WHAT THE TASK ASKS
Please reproduce the listing below exactly, leaving out every picture.

**** DATA BELOW ****

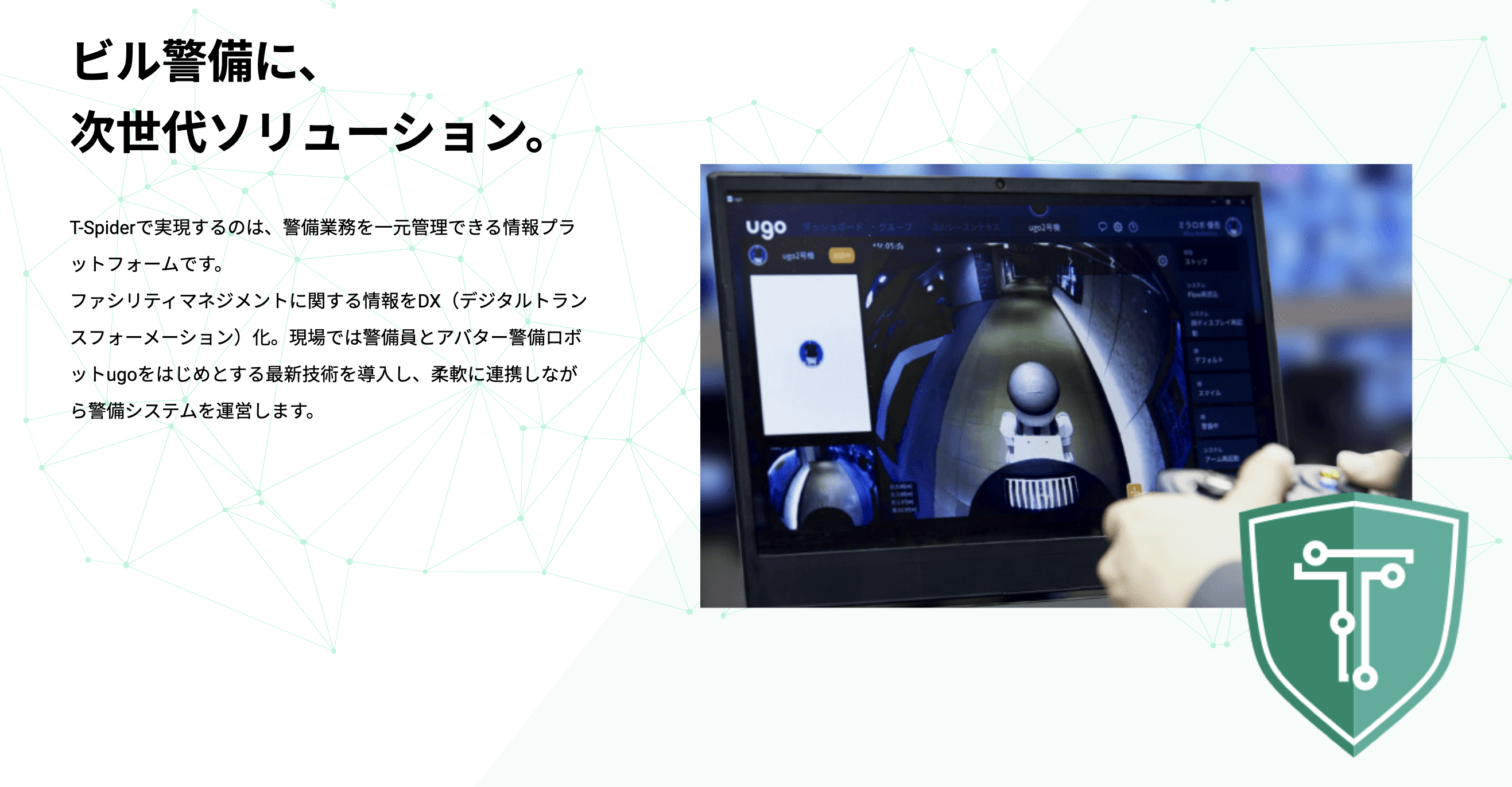ファシリティマネジメントに関する情報をDX化し、一元管理できるプラットフォームを構築を行い、これまで人が行なっていた業務の一部を、ロボットなどの機器に置き換え警備業務の効率化と質の向上を実現するサービス。T-SpiderのWEBサイトを制作致しました。
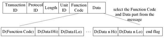 For each Modbus TCP message, the Function Code and Data of each protocol are selected. The two byte message fields are divided into high byte and low byte according to the high byte data and the low byte data, and the hexadecimal data values in each byte are converted to decimal data values. As shown in Figure 6, D represents a function that converts hex to decimal. Because the hexadecimal data range of a byte is 0x00–0xFF, after it is converted to decimal, the value range of each data value is 0–255, and all are integers.
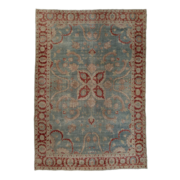 Blue & Red Antique Traditional Tabriz Rug - 9' x 13'1"
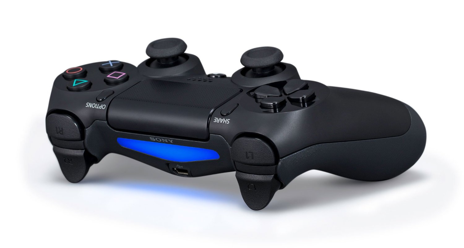 Der Controller der PlayStation wurde komplett überarbeitet. Er besitzt nun ein mittig sitzendes Touchpad, das neuartige Eingabemethoden erlauben soll - beispielsweise das Scrollen durch Karten via Wischbefehl. Eine Erfassungsfläche an der Front dient zudem der Zusammenarbeit mit der optional erhältlichen EyeCam - sie kann dank zweier Kameralinsen die Position des Controllers genau bestimmen. Das anfangs sehr ungeliebte grelle Licht kann mittlerweile gedimmt werden, sodass der Controller sich nicht ständig im Fernseher spiegelt. Eine weitere Änderung ist die Zusammenfassung von „Select“ und „Start“ in einer Optionstaste.Fernzugriff, Online-Sharing und Rückwärtskompatibilität

****

SOLUTION FOR THIS PROBLEM
ファシリティマネジメントに関する情報をDX化し、一元管理できるプラットフォームを構築を行い、これまで人が行なっていた業務の一部を、ロボットなどの機器に置き換え警備業務の効率化と質の向上を実現するサービス。T-SpiderのWEBサイトを制作致しました。
 For each Modbus TCP message, the Function Code and Data of each protocol are selected. The two byte message fields are divided into high byte and low byte according to the high byte data and the low byte data, and the hexadecimal data values in each byte are converted to decimal data values. As shown in Figure 6, D represents a function that converts hex to decimal. Because the hexadecimal data range of a byte is 0x00–0xFF, after it is converted to decimal, the value range of each data value is 0–255, and all are integers.
 Blue & Red Antique Traditional Tabriz Rug - 9' x 13'1"
 Der Controller der PlayStation wurde komplett überarbeitet. Er besitzt nun ein mittig sitzendes Touchpad, das neuartige Eingabemethoden erlauben soll - beispielsweise das Scrollen durch Karten via Wischbefehl. Eine Erfassungsfläche an der Front dient zudem der Zusammenarbeit mit der optional erhältlichen EyeCam - sie kann dank zweier Kameralinsen die Position des Controllers genau bestimmen. Das anfangs sehr ungeliebte grelle Licht kann mittlerweile gedimmt werden, sodass der Controller sich nicht ständig im Fernseher spiegelt. Eine weitere Änderung ist die Zusammenfassung von „Select“ und „Start“ in einer Optionstaste.Fernzugriff, Online-Sharing und Rückwärtskompatibilität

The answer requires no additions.